There are some design patterns that one can take a lifetime to get right. The state pattern is one of these. As you build up state machines with complicated sub-states and resources that are required in some but not all states some serious decisions have to be made about how to manage the detail of the implementation. Do you make your state objects flyweight? How do you represent common state? When and how are state objects created and destroyed? For some time I've thought that the observer pattern was one of these patterns that simply take experience to get right. Lately I've been swinging from that view. I've now formed the view that the observer pattern itself is the problem. Before I start to argue my case, I think we have to look a little closer at what observer is trying to achieve.

The Observer pattern is fairly simple in concept. You start with a client object that is able to navigate to a server object. The client subscribes to the server object using a special inherited interface class that describes the calls that can be made back upon the client. When events occur, client receives the callbacks.

Observer is often talked about in the context of the Model-View-Controller mega-pattern, where the model object tells the controller about changes to its state as they occur. It is also a pattern crucial to the handling of asynchronous communications and actions in many cases, where an object will register with a scheduler to be notified when it can next read or write to its file descriptor. I developed a system in C++ for my current place of employment very much based around this concept. Because each object is essentially an independent entity connected to external stimulus via observer patterns they can be seen to live a live on their own, decoupled nicely.

The problems in the observer pattern start to emerge when you questions like: "When do I deregister from the server object?" and "If this observation represents the state of some entity, should I get a callback immediately?" and "If I am the source of this change event, how I should I update my own state to reflect the change?".

The first question is hairier than you might think.
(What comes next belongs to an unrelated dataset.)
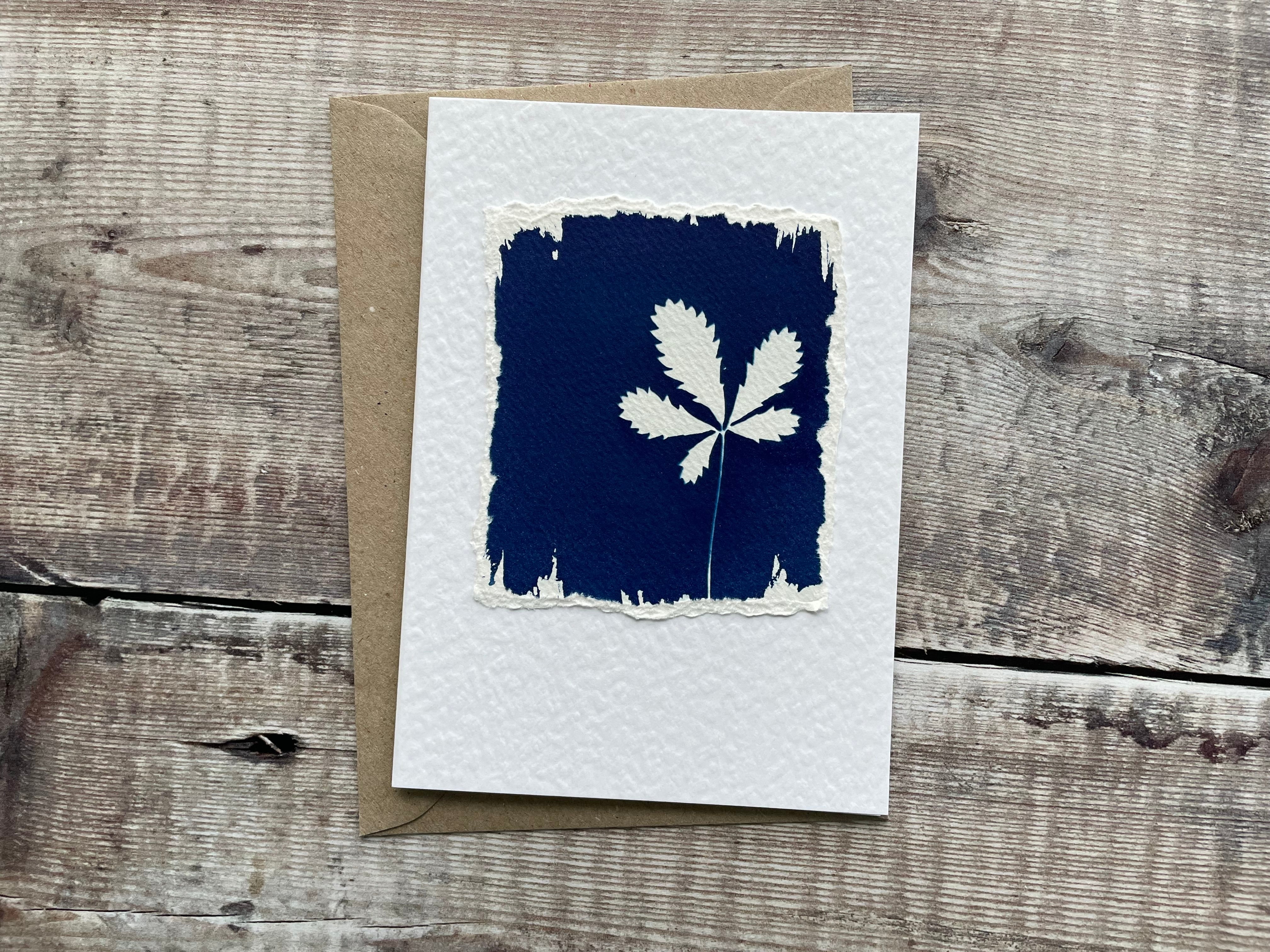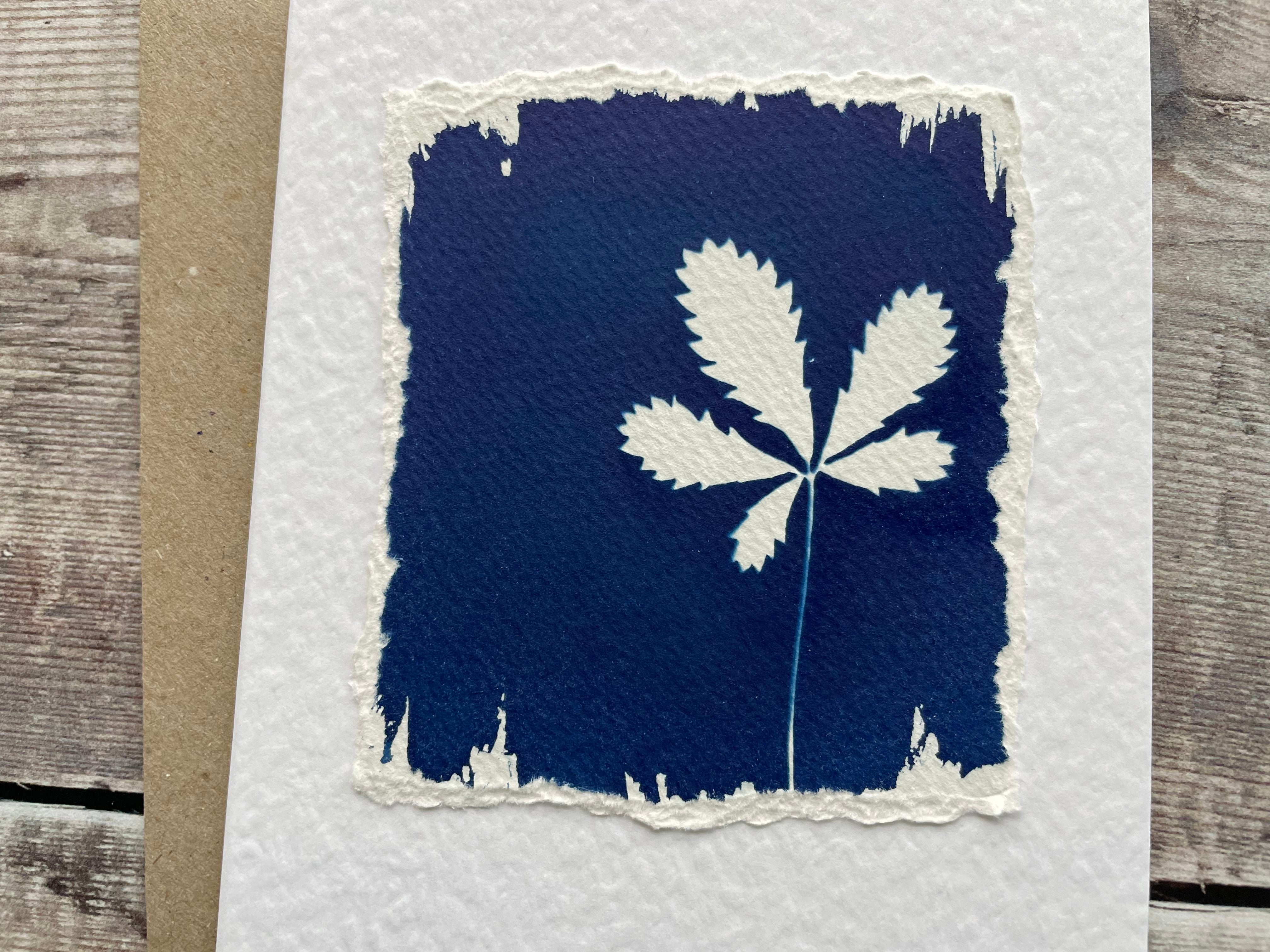 This A6 greeting card features an original cyanotype 'sun' print and is part of a series of prints I made with botanicals from the Kent countryside which I collected and dried.

In C++ you start to want to create reference objects to ensure that objects deregister before they are destroyed. Even in a garbage-collected system this pattern starts to cause reference leaks and memory growth. It's a pretty nasty business, really.

The second two questions are even more intriguing. I've settled on a policy of no immediatle callbacks and (where possible) no external notification of a change I've caused. The reasons for this are tied up with objects still being on the stack when they recieve notifications of changes, and also with the nature of how an object wants to update itself often chaning subtly between a purely external event (caused by another object) and one that this object is involved in.

I've begun to favour a much more wholistic approach to the scenarios that I've used observer patterns for in the past. I'm leaning towards something much more like the Erlang model. Virtual concurrency. Message queues. Delayed execution. I've built a little trial model for future work in my professional capacity that I hope to integrate into some of the work already in-place, but the general concept is as follows: We define a straightforward message source and sink pair of baseclasses. We devise a method of connecting sources and sinks. Each stateful object has some sources which provide data to other objects, and some sinks to recieve updates on.

Once connected, the sources are able to recieve updates, but instead of updating their main object, they register their object with a scheduler to ensure that it is eventually reevaluated. In the mean-time it clears an initial flag that can be used to avoid processing uninitilised input, and sets a changed flag that can be used by the object to avoid duplicate processing.

I'm working on making it a little more efficient and straightforward to use in the context of existing framework, but I'm confident that it will feature prominently in future development.

Because of its ties with HMI-related code, this will probably also make an appearance in TransactionSafe. As it is, I developed the ideas at home with TransactionSafe first, before moving the concept to code someone else owns. Since I'll be working more and more on HMI-related code at work, TransactionSafe may become a testbed for a number of concepts I'm going to use elsewhere.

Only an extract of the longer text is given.